The U.K. on July 17 added 13 people and one entity to its Russia sanctions list. The people include government officials and ministers and others responsible for the forced deportation of Ukrainian children. The lone entity is the Federal State Budget Educational Institution Artek International Children's Center. In the notice, the Office of Financial Sanctions Implementation also amended the entries for nine people and one entity.
The U.K. formally signed the Comprehensive and Progressive Agreement for Trans-Pacific Partnership July 15. The deal currently has 11 members -- Australia, Brunei, Canada, Chile, Japan, Malaysia, Mexico, New Zealand, Peru, Singapore and Vietnam -- and serves as a succeeding trade deal to the Trans-Pacific Partnership following the U.S. withdrawal.
A group of European countries not in the EU aligned with a recent sanctions move from the bloc under its Iran sanctions regime, the European Council said July 14. The council in June amended the list of sanctioned individuals and entities. The countries of North Macedonia, Montenegro, Albania, Ukraine, Moldova, Bosnia and Herzegovina, Iceland, Liechtenstein and Norway also imposed the decision.
The EU General Court last week affirmed a European Commission decision that allowed German securities depository bank Clearstream Banking to comply with U.S. sanctions on Iran. The case stemmed from a commission decision in 2020 that authorized Clearstream to withhold payment of dividends to German firm IFIC Holding, whose shares are indirectly held by the Iranian government. IFIC had asked the General Court to annul the decision.
The European Council on July 14 extended by six months the humanitarian exception to its Syria sanctions regime. The exception allows for aid to enter Syria following the February earthquake in Syria and Turkey. The exception, to expire Feb. 24, 2024, also allows international organizations and "certain defined categories of actors involved in humanitarian activities in Syria" to make funds available to sanctioned parties.
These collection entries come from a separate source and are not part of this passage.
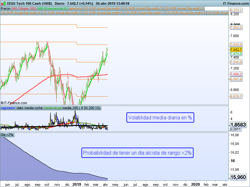 La volatilidad endógena es del 1.85%, mientras que la probabilidad de ver un día alcista de rango mayor al 2% es del 15.96%, el doble que en el SP500.
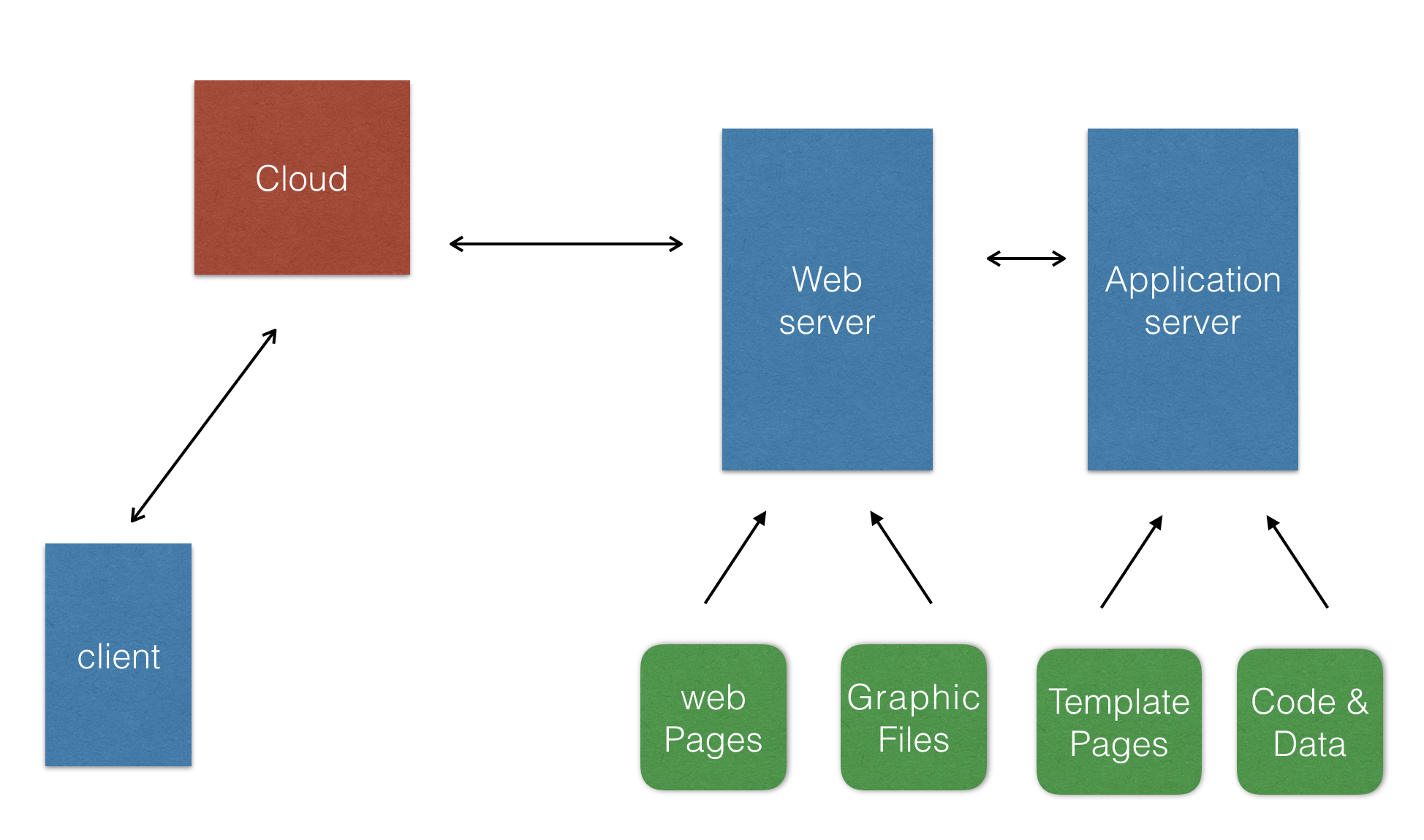 目前,应用服务器和 web 服务器之间的界线已经变得模糊不清了,但是人们还把这两个术语分开来。当有人说到 web 服务器时,我们通常要把它认为是以 HTTP 为核心、web UI 为向导的应用。当有人说到应用服务器时,你可能想到“高负载、企业级特性、事物和队列、多通道通行(HTTP 和更多的协议)”,但现在提供这些需求的基本上都是同一个产品。
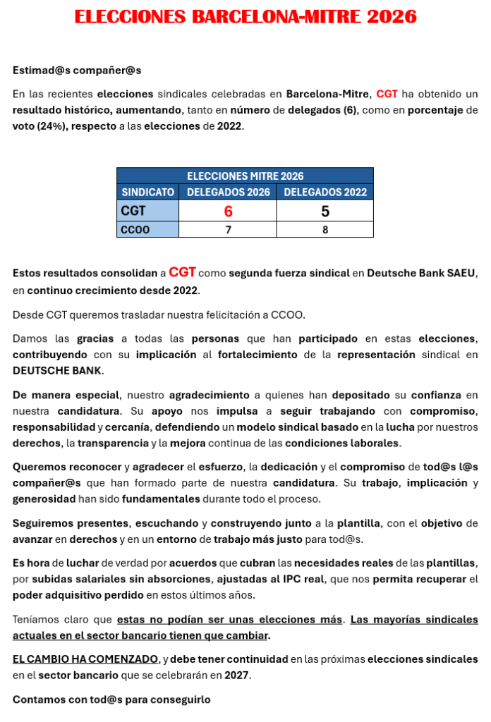 • RESULTADOS ELECCIONES BARCELONA-MITRE 2026: EL CAMBIO HA COMENZADO
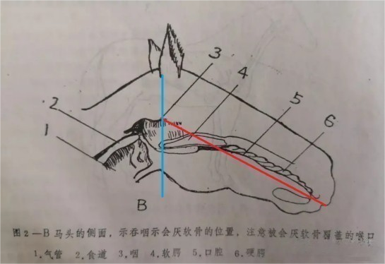 (3)到達(dá)第一處標(biāo)示時(shí),觀察馬是否有吞咽動(dòng)作。有,則成功進(jìn)入食管;無(wú),則重新進(jìn)行上述操作。
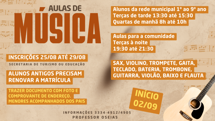 A Administração Municipal, por meio das Secretarias de Turismo e de Educação, informa que estão abertas as inscrições para as aulas de música no município, no período de 25 a 29 de agosto. Os interessados devem realizar a matrícula diretamente na Secretaria de Turismo ou na Secretaria de Educação.
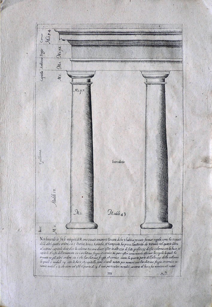 La stampa è tratta da “LI CINQVE ORDINI DI ARCHITETTVRA ET AGIVNTADE LOPERE DEL ECC.MO M. GIACOMO BAROCIO DA VIGNOLA” edito in Venezia presso la stamperia Remondini e appartiene ad un’edizione settecentesca dell’opera dell’architetto Giacomo Barozzi, detto il Vignola (1 ottobre 1507 – 7 luglio 1573). La stampa reca scritto: “Non hauendo io fra le antiquità di Roma trouato ornamento Toscano, di che n’habbia possuto formar regola, come ho trouato delli altri quatro ordeni, cio è Dorico, Ionico, Corintho, et Composito, ho preso l’auttorita da Vitruuio nel quarto libro al settimo capitolo, doue dice la colonna toscana douer eßer in altezza di sette großezze di eßa colonna con la base , et il capitelo. Il resto dell’ornamento cio è architraue fregio, et cornice, mi pare eßer conueneuole, oßeruar la regola la quale ho trouata ne gli altri ordeni cio è che l’architraue fregio, et cornice siano la quarta parte dell’altezza della collonna la quale è moduli 14. con la base, et capitello, come si uede notato per numeri cosi l’architraue fregio et cornice saranno moduli 3 i/2. che uiene ad eßer il quarto di 14. li suoi particulari membri saranno al luoco suo minutamente notati”.
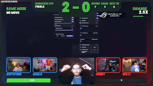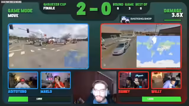 06:40:54Noriex findet den Ort Cosenza, doch Team Rot ist bereits näher am Ziel und sammelt Punkte durch einen Multiplikator. Trotz intensiver Bemühungen von Adi und Maelo gewinnt Team Rot die Runde. In der Folge wird das Finale zwischen Team Rot (Adi und Maedo) und Team Blau (Sydney und Willi) vorbereitet. Der Streamer hebt die hohen Fähigkeiten beider Teams hervor und gibt Sydney als den stärksten individuellen Spieler an, sieht aber auch Adi und Maelo als starke Einheit. Es ist ein Best-of-Five angesetzt.

The U.K.'s Office of Financial Sanctions Implementation will begin rejecting incomplete license applications instead of “engaging” with applicants to collect all required information, the agency announced last week. OFSI said its licensing team has experienced “unprecedented high demand” caused by its Russia sanctions, including a surge in new applications and requests to amend existing licenses, and it doesn’t have the time to continue a temporary measure under which it worked with applicants to fix missing information.
Switzerland this week dropped two people from its Democratic Republic of the Congo sanctions regime, both of whom were originally sanctioned for committing "serious" human rights abuses in the country. Emmanuel Ramazani Shadary and Kalev Mutondo were delisted after the EU also delisted the pair following a General Court ruling annulling their listing, which said that the European Council did not establish a sufficient link between the men and the situation in the DRC (see 2306200023).
The EU on July 13 removed import restrictions on certain food from Japan that had been in place since the 2011 Fukushima nuclear incident. The European Council said the move follows "positive results from controls done on the products" by the Japanese government and EU member states. Following 2011, the bloc tested food products for radioactivity pre-export. By 2021, the restrictions were limited to "wild mushrooms, some fish species and wild edible plants." The U.K. lifted similar restrictions last year (see 2206290022).
The U.K.'s Office of Financial Sanctions Implementation, in a July 12 notice, added six entities to its Sudan sanctions regime. The entries are for Al Junaid Multi Activities Co., Defense Industries System, GSK Advance Company, Sudan Master Technology, Tradive General Trading and Zadna International Company for Investment. All were listed for their roles in threatening the security of Sudan due to their support for one of the parties in the conflict between factions of the military government.
A free trade agreement between the EU and New Zealand, signed July 9, is expected to grow trade between the parties by 30% within 10 years, the commission said. The deal would eliminate all tariffs on EU exports to New Zealand, open the New Zealand services market in "key sectors," establish nondiscriminatory treatment for European investors, boost access for New Zealand government procurement, facilitate data flows, halt data localization requirements and strengthen intellectual property rights, the commission said.